In derekbeaton/GSVD: The generalized singular value decomposition

#' GSVD
#'
#' @description The generalized singular value decomposition (GSVD) generalizes the standard SVD (see \code{\link{svd}}) procedure through addition of (optional) constraints applied to the rows and/or columns of a matrix.
#' @details A package specifically designed for the generalized eigen decomposition, generalized singular value decomposition, and generalized partial least squares-singular value decomposition.

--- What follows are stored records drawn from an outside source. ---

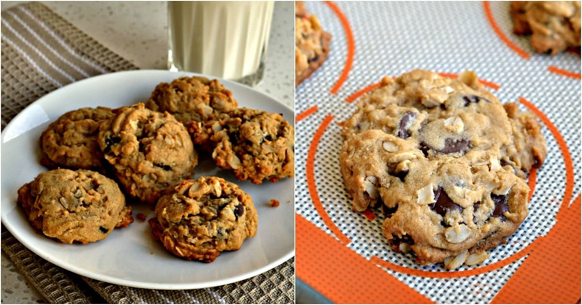 A delectable combination of creamy peanut butter, old-fashioned rolled oats, and semi-sweet chocolate chips in a cookie with a slightly crispy edge and a soft melt-in-your-mouth center.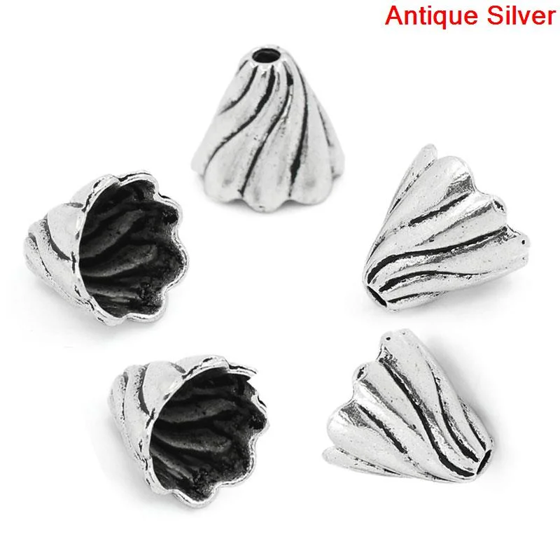 Металлические Шапочки для бусин 8 сезонов, конусные старинные серебряные Резные волнистые бусины сделай сам для изготовления ювелирных изделий (подходит для бусин 12-16 мм) 13 мм x 12 мм, 50 шт.
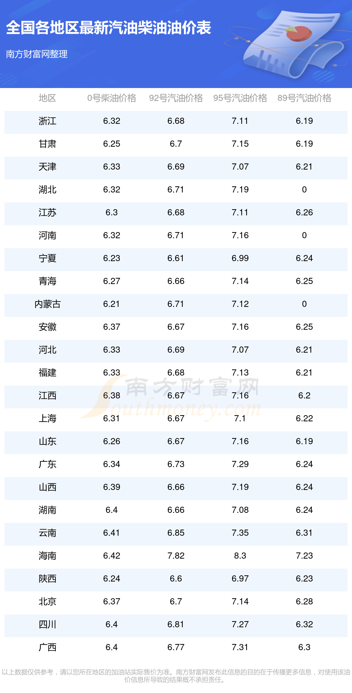 0號柴油平均價(jià)格:6元每升,其中,最高為海南,價(jià)格為6.42元/升,最低為內(nèi)蒙古,價(jià)格為6.21元/升。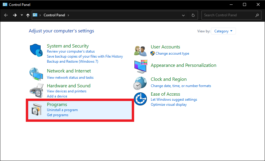 - Open Control Panel and click “Uninstall a program”to open the Programs and Features utility.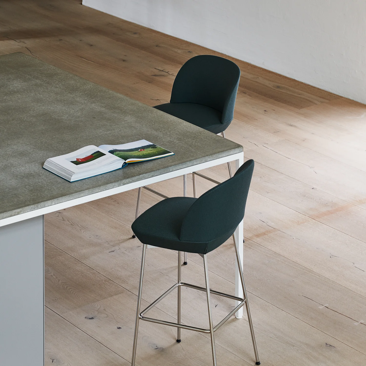 Twill Weave geeft een eigentijdse interpretatie aan de klassieke wollen keperbinding en is ontworpen door de Amerikaanse ontwerper Jonathan Olivares. De volle, stevige structuur ontstaat door het gebruik van dikke, volumineuze wollen garens, geweven in een traditionele keperbinding met uiterst nauwkeurige productiemethoden voor een perfecte kleurweergave. Elke kleurvariant combineert twee ton-sur-ton kleuren – één in de ketting en één in de inslag – die samen exact de kleuren weerspiegelen van mineralen, metalen en keramiek uit de uitgebreide Materials Collection van Harvard University.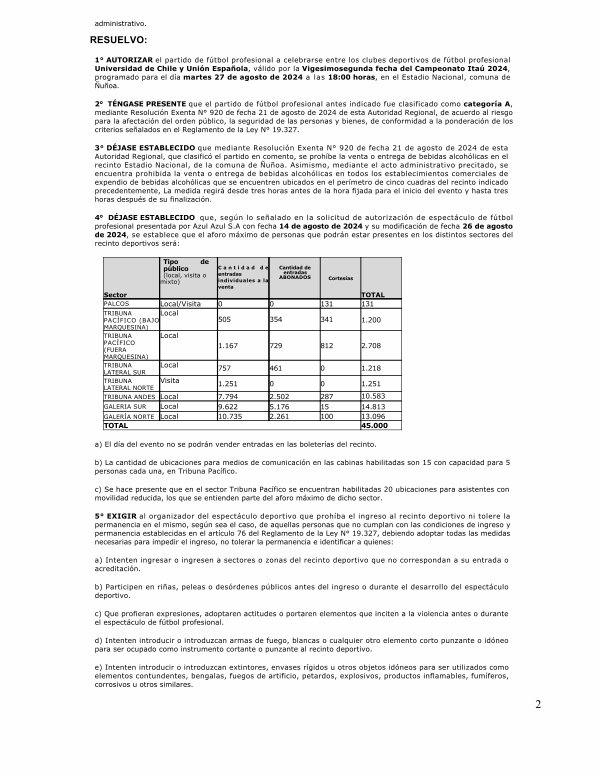 ������������������������������������������������������������������������������������������������������������ �������������������������������������, �������������������������������������������������������������, �����������������������martes 27 de agosto de 2024 a las 18:00 horas, en el Estadio Nacional, comuna de ������

#' Each decomposition allows for the use of weights (or constraints) applied to the columns and/or rows of each data matrix.
#' This package provides these decompositions as the core for a very large list of standard statistical---and typically multivariate---approaches, including but not limited to principal components analysis, metric multidimensional scaling, standard and multiple correspondence analysis, partial least squares, canonical correlation analysis, and multivariate linear regression/reduced rank regression/redundancy analysis.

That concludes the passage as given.